The story was a patchwork of a lot of different worn out sci-fi themes. There was the "alien takes over the human" theme, the "alien dwells among us" theme and of course, "the evil baby gestating in the good and pure mother" theme. Suffice it to say that this wasn't fresh material. But let's be honest. How many stories are really fresh material? Why are we suckers for the same old romantic comedy storylines again and again and yet we expect that sci-fi must be completely novel to be good?

What is outstanding about this film is the suspense. I haven't seen a film that was so effective as a suspense film in quite some time. It was effective because of daring use of the camera by Ravich that visually left me begging for relief in scene after scene. Actually, if there is any criticism of this film it is the fact that the suspense was too well done. It wears the viewer out without sufficient mental rest stops.

Ravich's use of extreme close ups, wide angle shots, rapid camera movements, odd perspectives, and tight sets produces a sense of relentless suspense that made me want jump into the screen and yell at the characters. For some, this was probably overwhelming and tedious. It seems that viewers today want pace, novelty and surprises. Yes, we knew Spencer (Johnny Depp) was now an alien. Yes, we knew that Jillian (Charlize Theron) had alien babies growing inside her. What we didn't know was what she was going to do about it and what he was going to do about her.
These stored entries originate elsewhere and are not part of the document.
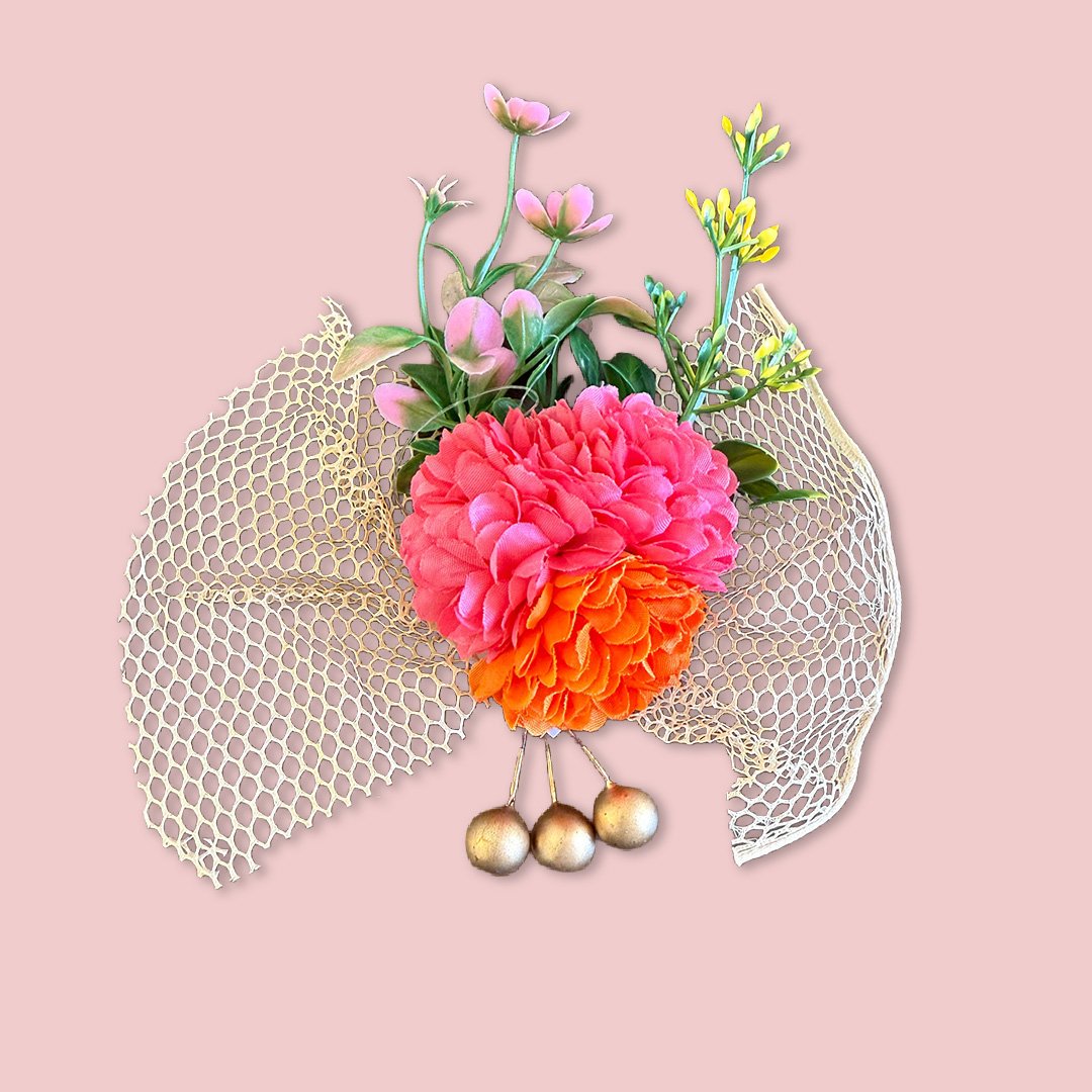 A stunning artificial flower brooch with mesh net design and golden pearl hangings. Ideal for hamper decoration, trousseau packing, gift wrapping, baskets, or return gifts
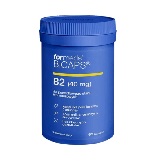 - FORMEDS BICAPS Witamina B2 Ryboflawina 40mg 60 kaps to suplement dostarczający optymalną dawkę ryboflawiny, niezbędnej dla prawidłowego funkcjonowania układu nerwowego, zmniejszenia zmęczenia oraz wsparcia metabolizmu energetycznego.
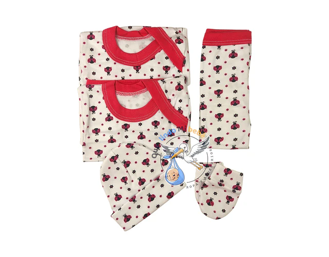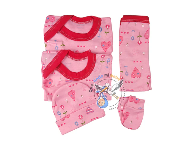 5 piezas esenciales para el primer outfit perfecto: body, camiseta, panty, gorrito moldeador y mitones. Hechos con amor y calidad nacional para cuidar cada centĆmetro de tu bebĆ©.
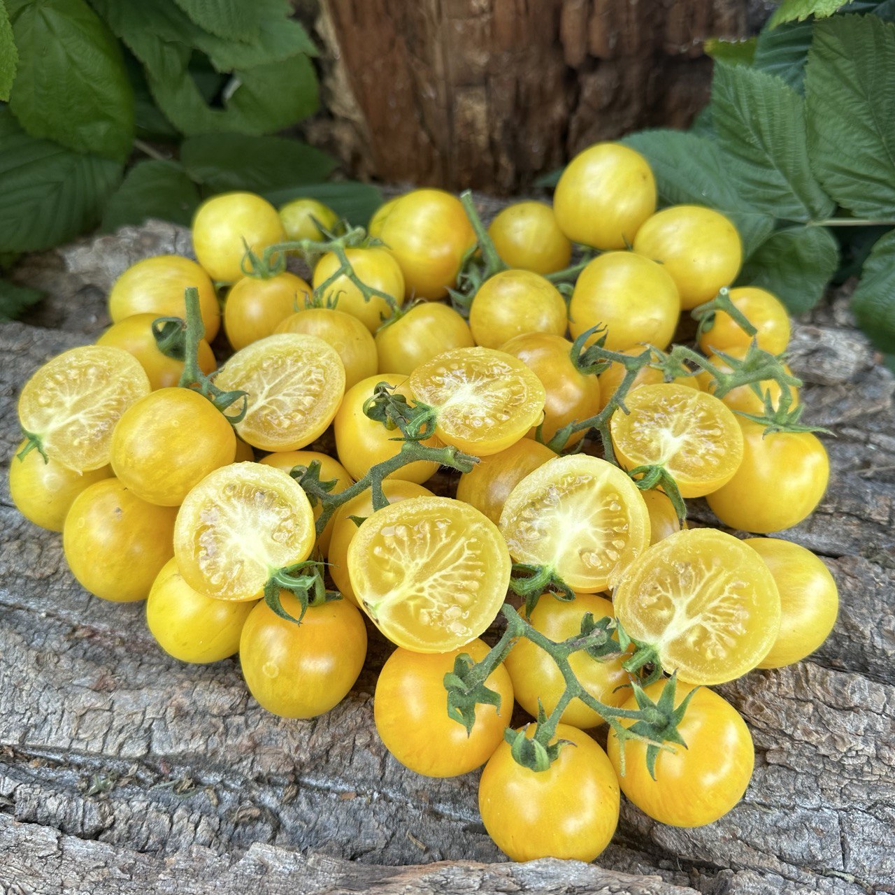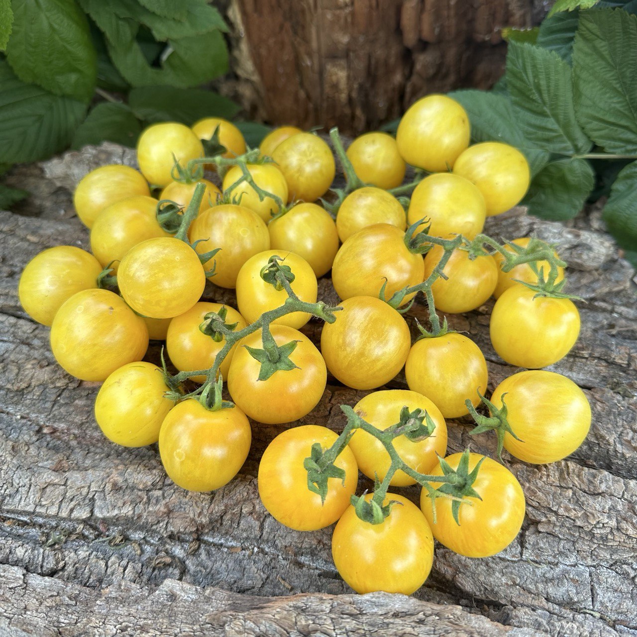 Томат Вернісаж жовтий – сорт середньораннього терміну дозрівання. Рекомендований для вирощування в теплицях і відкритому ґрунті. Сорт селекції Духова Р.М. (Україна). Кущ індетермінантного типу, лапатий, росте у висоту до 2-х метрів. Потрібна підв’язка до опори і пасинкування. Найкращий результат виходить при формуванні рослини в 2-3 стебла. Плоди округлої форми, рівні, в стадії зрілості пофарбовані в світло-жовтий колір з неповторним візерунком з темно-жовтих штрихів і смужок, маленькі, проте значно більші ніж черрі, окремий помідорчик досягає у вазі до 60 грамів, ростуть кистями по 8 штук. Шкірочка дуже щільна, погано знімається, помідори зовсім не схильні до розтріскування. М’якоть ніжна, дуже соковита, на смак солодка з ледь помітною кислинкою, аромат має томатний з приємними нотками.
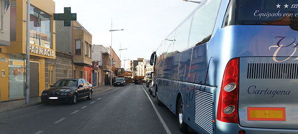 Imagen captada a las ocho y media de esta mañana en la arteria principal del barrio de San Antón, que recuerda aquellos atascos que se producían cuando la fábrica de Licor 43 estaba en dicha zona.
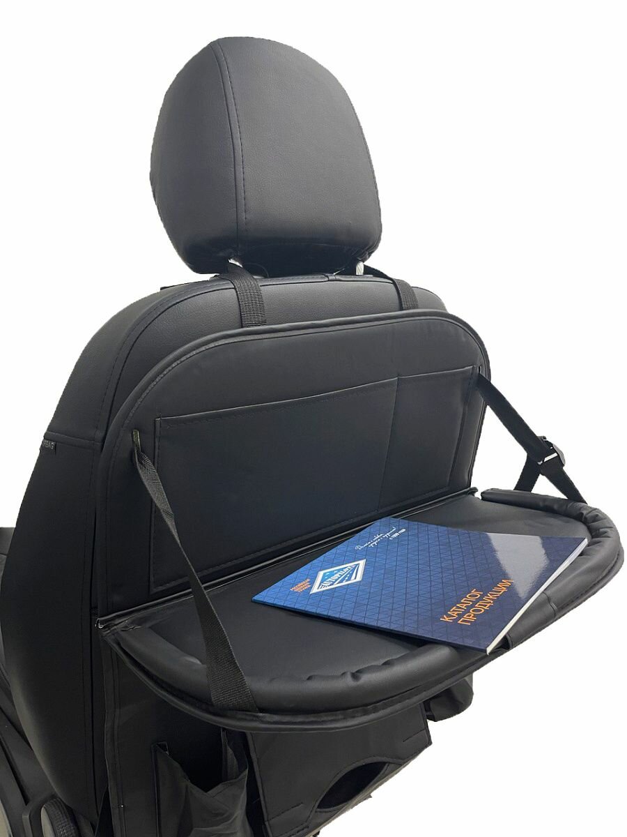 Накидка защитная (органайзер) с откидным столиком на спинку автомобильного сиденья на Mazda BT-50 (2006-2012), Экокожа, Черный интересное:
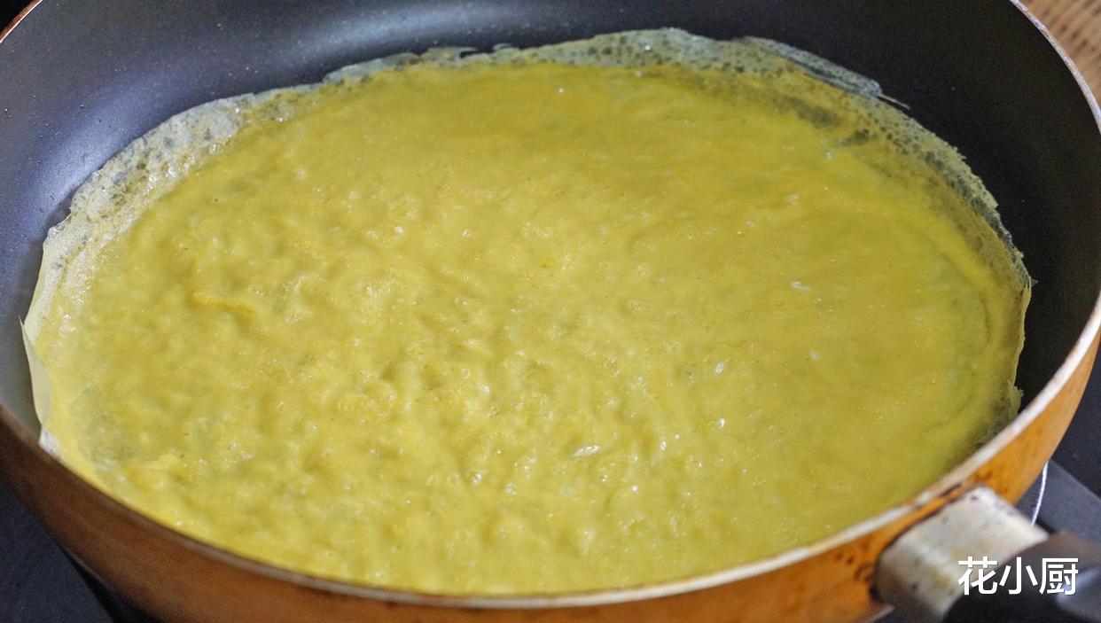 3、凝固了就翻个面儿。继续煎一会儿。两面都煎熟了就可以出锅了,大约10秒出一张鸡蛋皮,继续下一张。
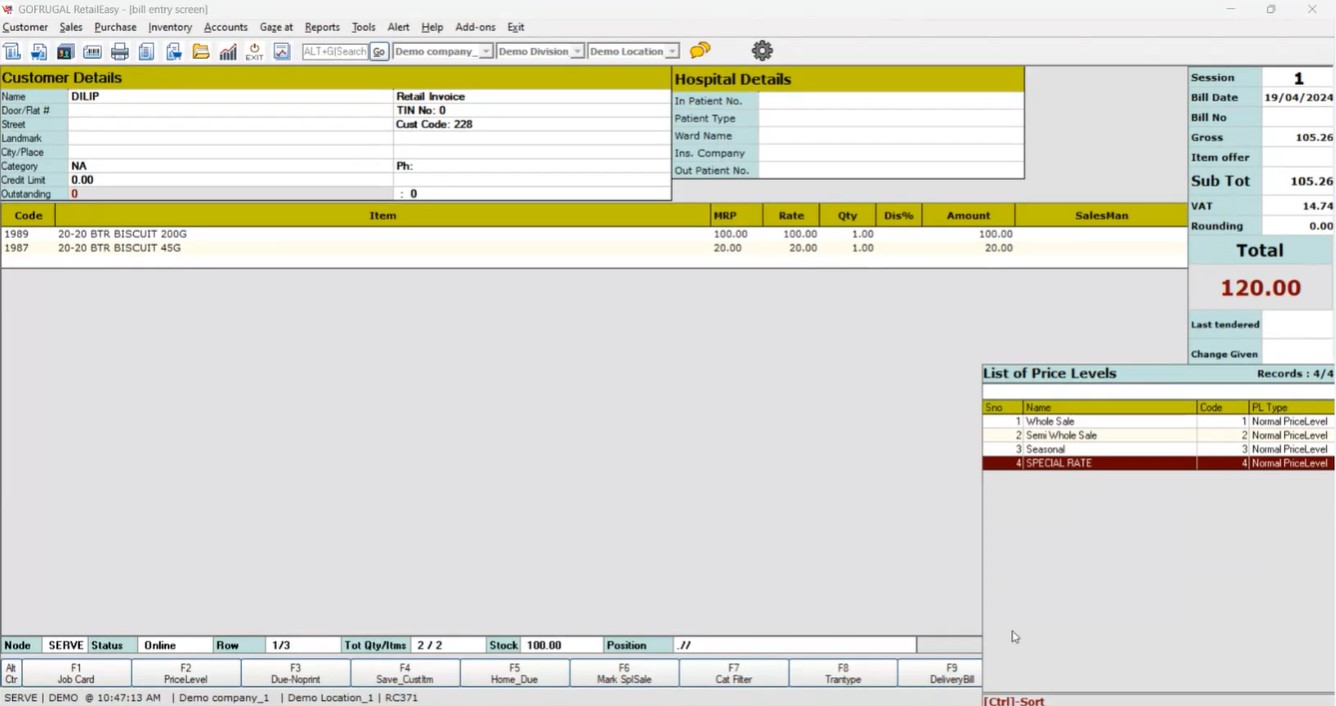 Step 16: Check and verify for Rate changed after applying the Price Level for Special Rate. Click Save & proceed for payment mode and Save. Close the screen.

So I thought the story was ultimately effective in achieving its goal...thrilling suspense.

What this film lacked was a hideous monster and a lot of blood and gore. This is why it wasn't popular in my opinion because these are staples of today's mass market viewer. This is the very reason I thought it was excellent because it produced fear and anticipation, not by what was seen, but by what was unseen.

From an acting perspective, this was a shining moment for Charlize Theron. This was a very demanding film for a female lead and she handled it like a pro. Her part demanded a full range of emotions from sweet adoring wife to the terror of a caged animal and she delivered the most complete performance I've seen from her to date. As a matter of fact, Theron so controlled the screen that Johnny Depp didn't really have much to do except give the occasional menacing look.

I'm going to buck the tide with this one and give it an 8/10. This film was about style. It failed to deliver the obvious and this elusiveness made it unique among all the weird science fiction rip-them-to-shreds hack movies that jam the video store shelves. And that's what I liked most about it.